**What the task requires**
Copy word for word the lines in the records below, starting at the line with "A sheer check" and ending at the line with "Bruno Oteiza prepara". Skip the pictures.

**Working data**
=======

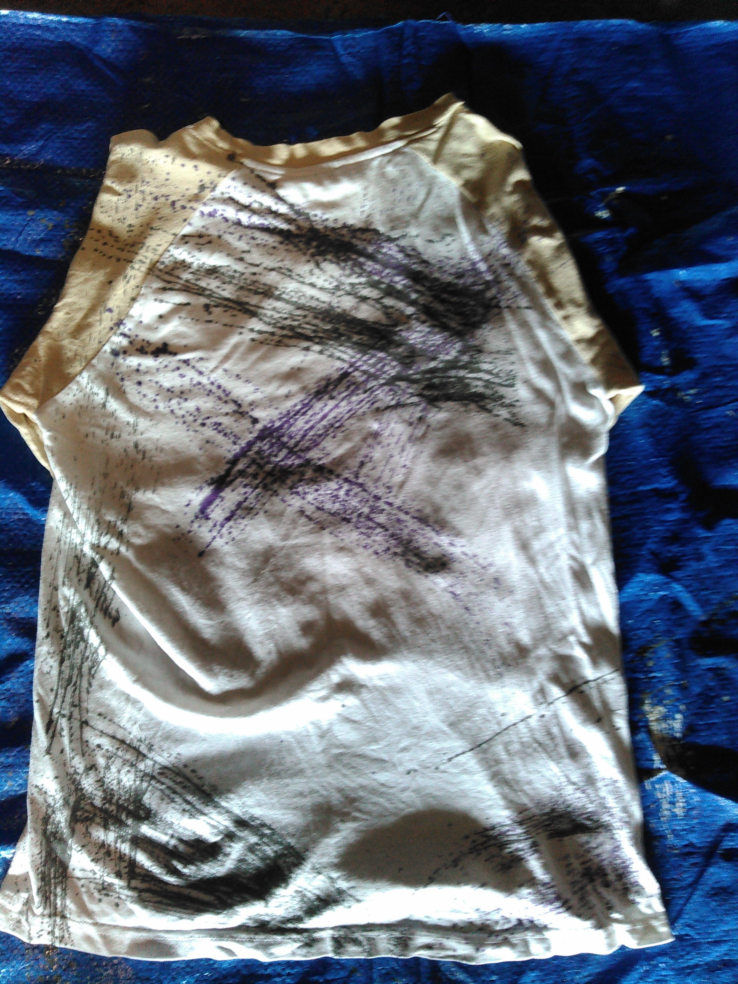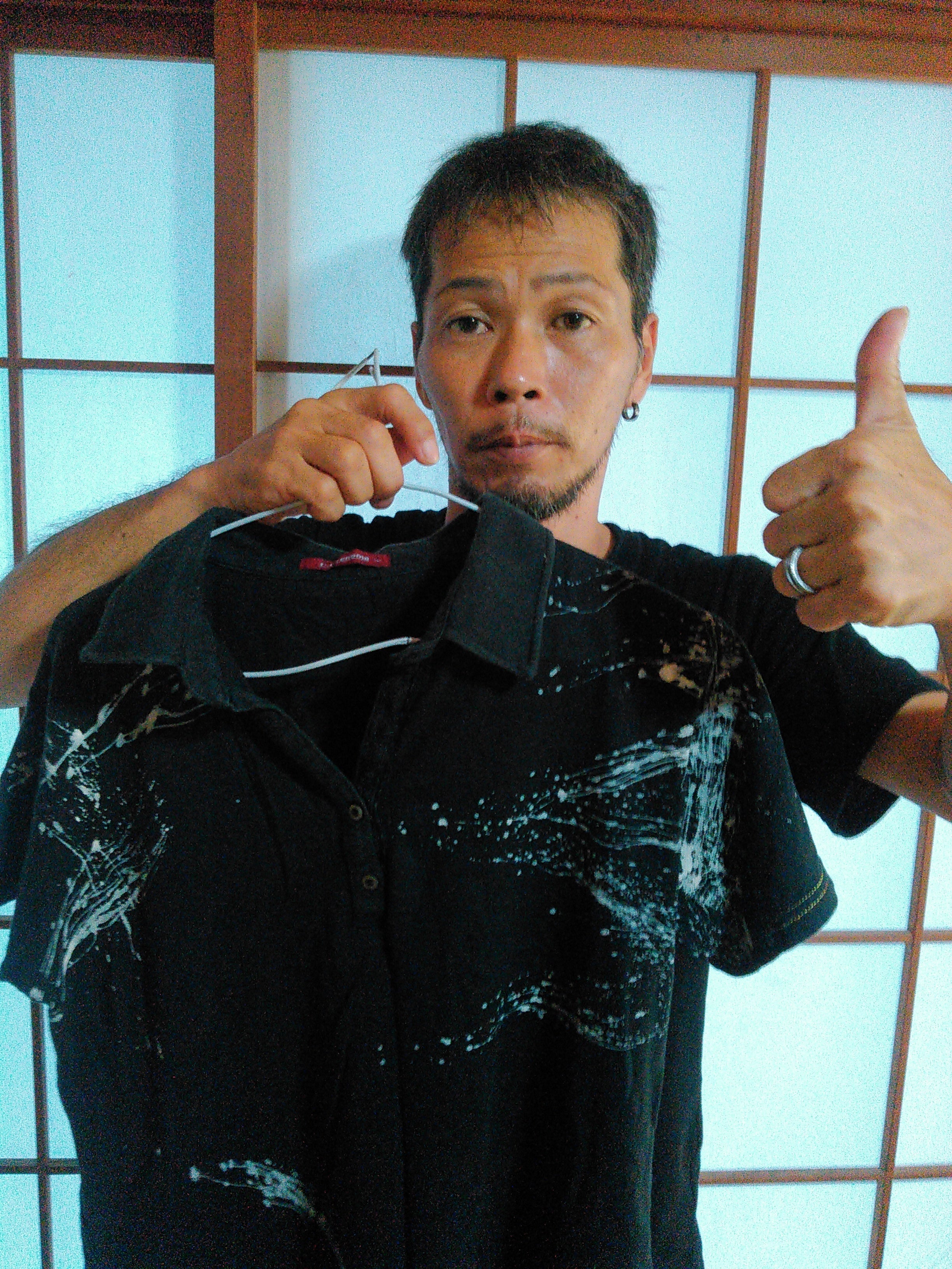 機械を使っての大量生産の物とは違いその時その時で同じ材料を用いても雰囲気は一枚一枚違うものが出来上がります。一点物のオリジナルTシャツをお手元にお届けいたします。
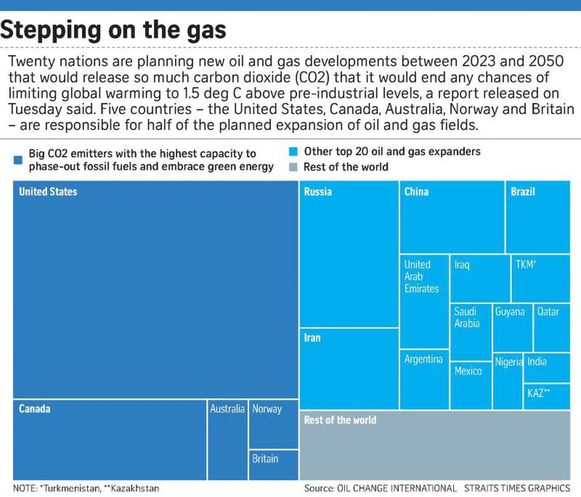 SINGAPORE - Nearly two dozen countries are planning new oil and gas fields and fracking wells that, if developed, would doom any chance of the world limiting warming to 1.5 deg C, a report released on Tuesday showed.
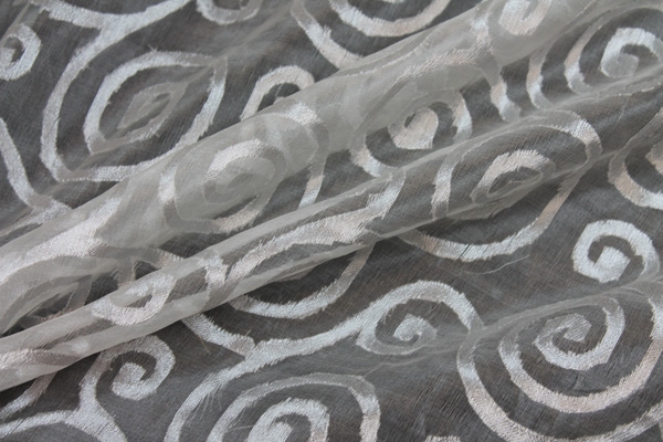 A sheer check polyester organza in ivory. The check pattern is about 1x1cm, the stripes creating the check are about 5mm from thicker ivory thread woven into the sheer organza.
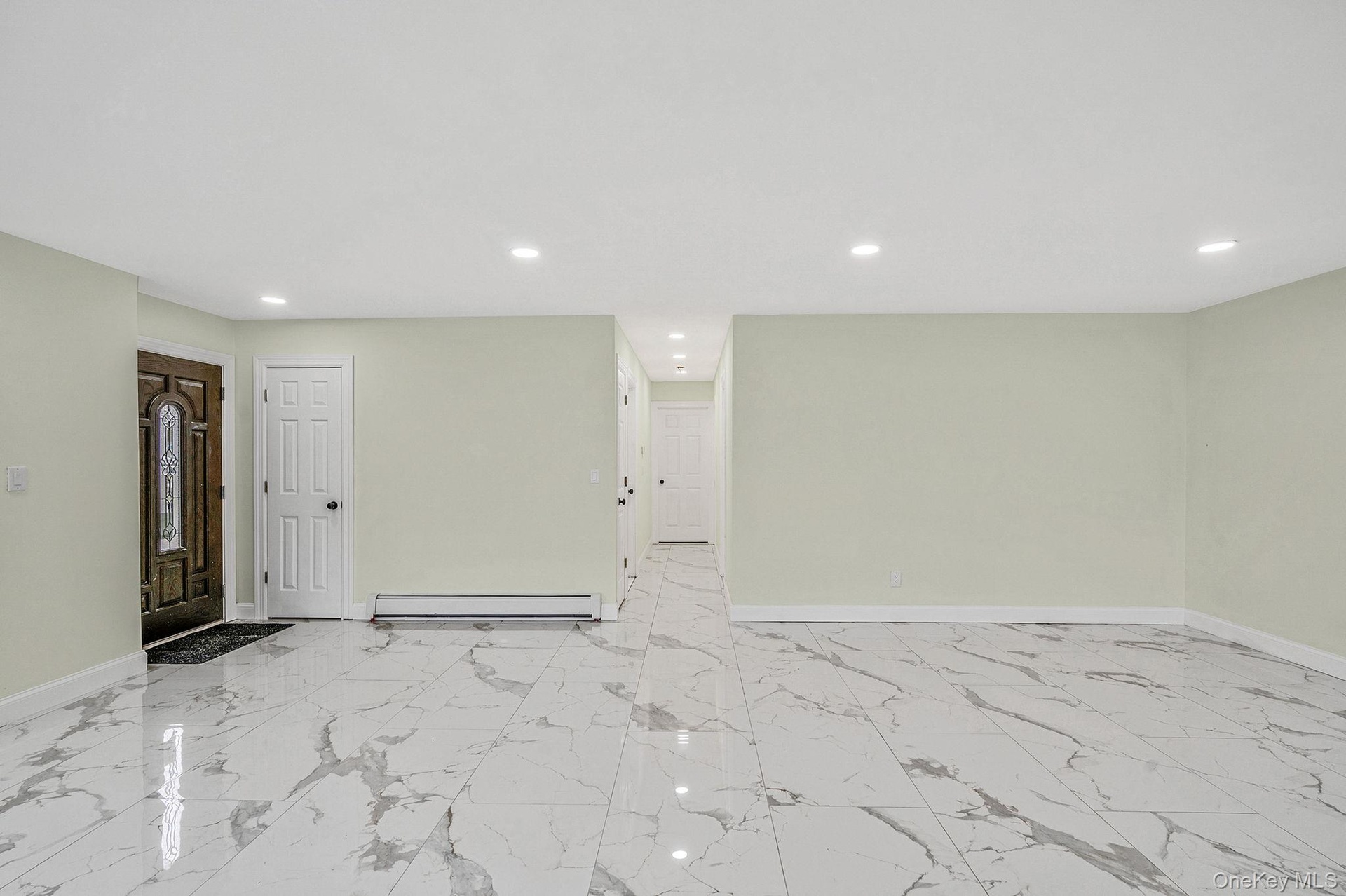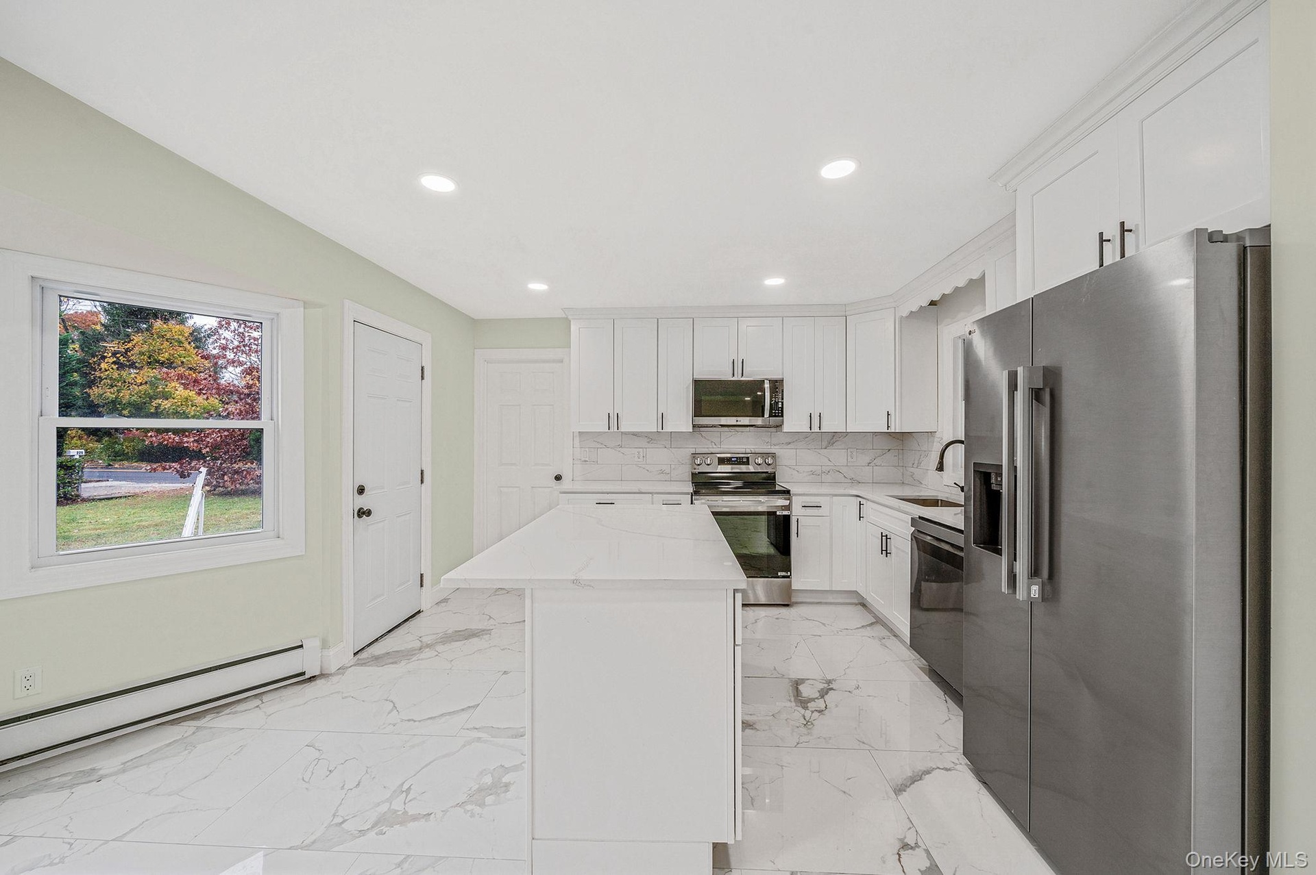 Stunning Renovated Open floor plan Ranch 4 Bedrooms, 2 Full baths. Brand new kitchen, new bathrooms, marble flooring, granite countertops, new Led hi hats, New Roof, Vinyl siding, Gutters, All new Windows, Brand-new stainless-steel appliances, new heating unit & A.C split unit, master bedroom with walk in closet, front entrance pavers, Lot of space for storage, Washer Dryer hook up, 2 side entrances, large driveway, large backyard, Low Taxes. Close to highways and railroad.
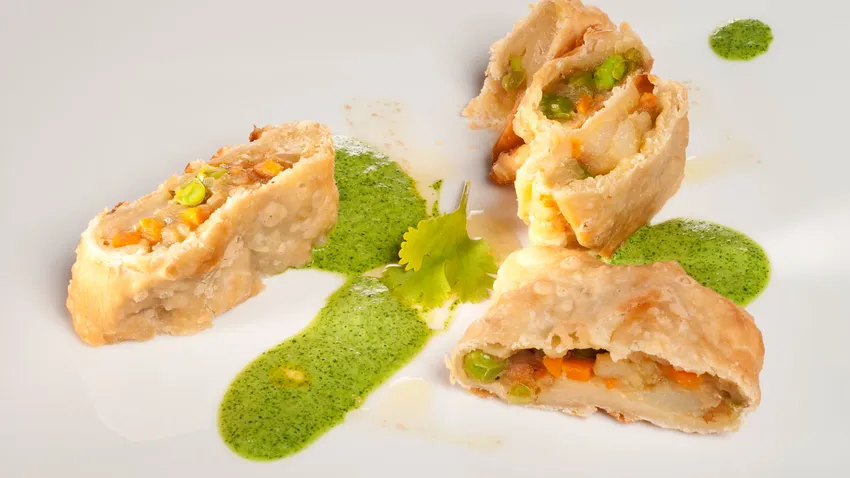 Bruno Oteiza prepara samosas, unas empanadillas típicas de la India rellenas de patata, guisantes, cebolla, zanahoria y especias. Para acompañar, una salsa chutney verde elaborada con yogur, hierbabuena, cilantro y cebollino.
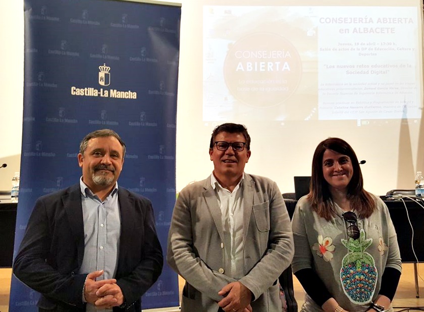 “Los nuevos retos educativos de la Sociedad Digital” ha sido la temática elegida hoy en la III edición de la “Consejería Abierta”, celebrada en Albacete, en la que se ha expuesto la ponencia, “la Informática en la sociedad actual y su papel en las etapas educativas preuniversitarias”, impartida por el director de la Escuela Superior de Ingeniería Informática de Albacete, Ismael García Varea, y la conferencia “Buenas prácticas en Robótica y Programación en Infantil y Primaria” a cargo la maestra de Educación Infantil del CEIP San Agustín de Casas-Ibáñez, Catalina Navarro Guillermo, ganadora además del premio a la mejora de la calidad educativa en la pasada convocatoria Giner de los Ríos, del Ministerio de Educación, Cultura y Deporte.
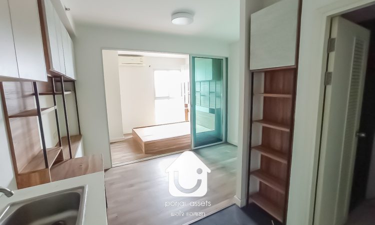 ภายในตัวห้องที่นำเสนอ เป็นห้องแบบ 1-Bedroom ขนาด 25.05 ตารางเมตร เป็นห้องระเบียงฝั่งทิศใต้ อยู่ที่ชั้น 17 บรรยากาศเงียบสงบ ไม่มีตึกสูงบดบัด ตัวแบ่งห้องออกเป็น 2 พื้นที่ใช้งาน ส่วนแรกจะเป็น pantry+ห้องนั่งเล่นและห้องน้ำ ส่วนด้านในสุดของตัวห้องจะเป็นห้องนอนและระเบียง วัสดุพื้นผิวใช้ลามิเนตลายไม้ผสมกับแกรนิตโต้ ภายในห้องมีเฟอร์นิเจอร์และเครื่องใช้ไฟฟ้าตามภาพ
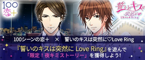 株式会社ボルテージ(本社:東京都渋谷区 代表取締役:津谷 祐司)は、当社が提供中のボル恋タイトル「誓いのキスは突然に Love Ring」(以下、「誓キス」)と「100シーンの恋+」(以下「100恋+」)が2月16日(水)より期間限定コラボレーションを実施することをお知らせいたします。
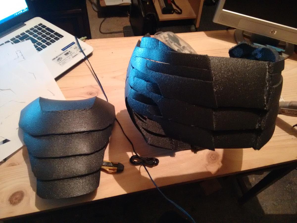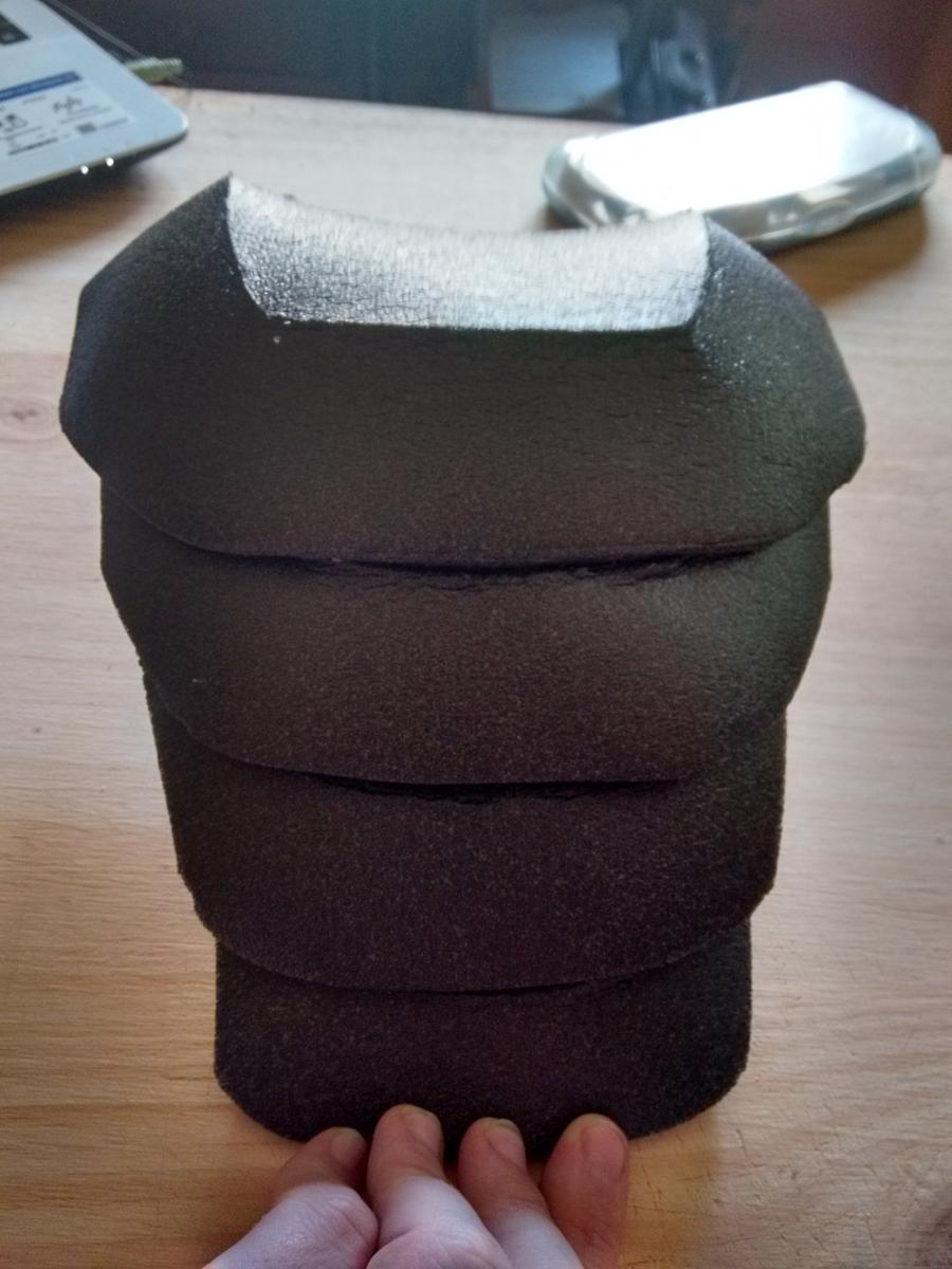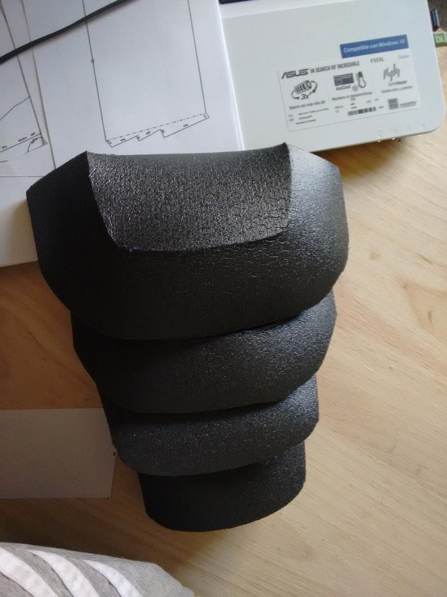 Parece mentira pero con 10 euros de foam he hecho casi la mitad de la armadura, ya que me queda poco foam y probablemente sólo podría hacer los protectores de las manos o algo así. Sin embargo no voy a hacer de momento más piezas hasta que no consiga más foam y endurezca lo que tengo hecho.

=======

**Result for this task**
 A sheer check polyester organza in ivory. The check pattern is about 1x1cm, the stripes creating the check are about 5mm from thicker ivory thread woven into the sheer organza.
 Stunning Renovated Open floor plan Ranch 4 Bedrooms, 2 Full baths. Brand new kitchen, new bathrooms, marble flooring, granite countertops, new Led hi hats, New Roof, Vinyl siding, Gutters, All new Windows, Brand-new stainless-steel appliances, new heating unit & A.C split unit, master bedroom with walk in closet, front entrance pavers, Lot of space for storage, Washer Dryer hook up, 2 side entrances, large driveway, large backyard, Low Taxes. Close to highways and railroad.
 Bruno Oteiza prepara samosas, unas empanadillas típicas de la India rellenas de patata, guisantes, cebolla, zanahoria y especias. Para acompañar, una salsa chutney verde elaborada con yogur, hierbabuena, cilantro y cebollino.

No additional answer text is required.